The views expressed not only by the lawyers
involved in the matters at the center of the letter appended, but also the
judges in general confirm that the ‘gap’
is too wide in the Sri Lankan system. I feel strongly that narrowing this ‘gap’
between the top and the bottom is necessary to reduce the damage to the
Sovereignty of our Nation. Hence the
need for the citizen / officer / litigant - to make higher contribution than is required
as per her/his current position – the recognized value of which is much less
than that of the Executive. Such restructuring is necessary for Democratic
pathway to lead us to Economic self-sufficiency.

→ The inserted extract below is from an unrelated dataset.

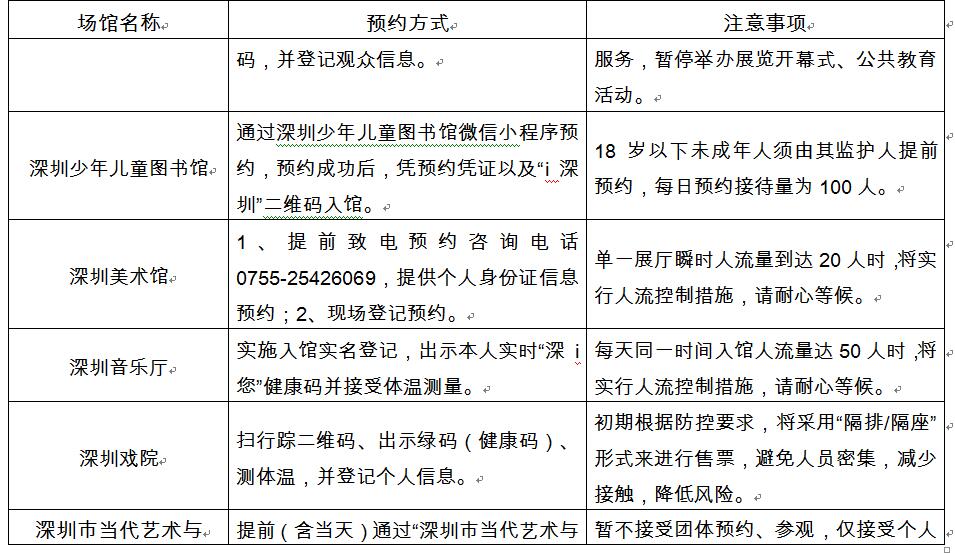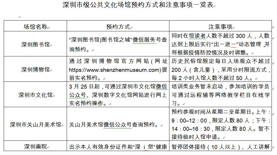 附:深圳市級公共文化場館預約方式和注意事項一覽表

Positions in relationships need to be
restructured each time a citizen / officer / litigant makes that contribution
beyond the call of duty. Every time the occupier of the higher position in a
relationship takes the credit for such contribution – for example – lawyers in
the judiciary – the pathway to access Natural Sovereign Powers through such
relationship by the ‘top’ is blocked.
There is Common Belief that the current Sri
Lankan Government came into power due to such ‘blocks’ placed by the previous Executive
in its path. This happened also in Australia in the case of Mr. John Howard who
was present with President Bush during 9/11 attack. Mr. Howard lost his seat –
and I believe that by doing my DUTY as a migrant and suing Mr. Howard for
failing to recognize the self-governing value by me as a migrant – I made my
contribution to the removal of those
blocks so ordinary Australians would more naturally access the Sovereign powers
of Australia – without the intervention of the Priest / Executive. Sovereign
powers are Natural Powers that we could identify with but not control.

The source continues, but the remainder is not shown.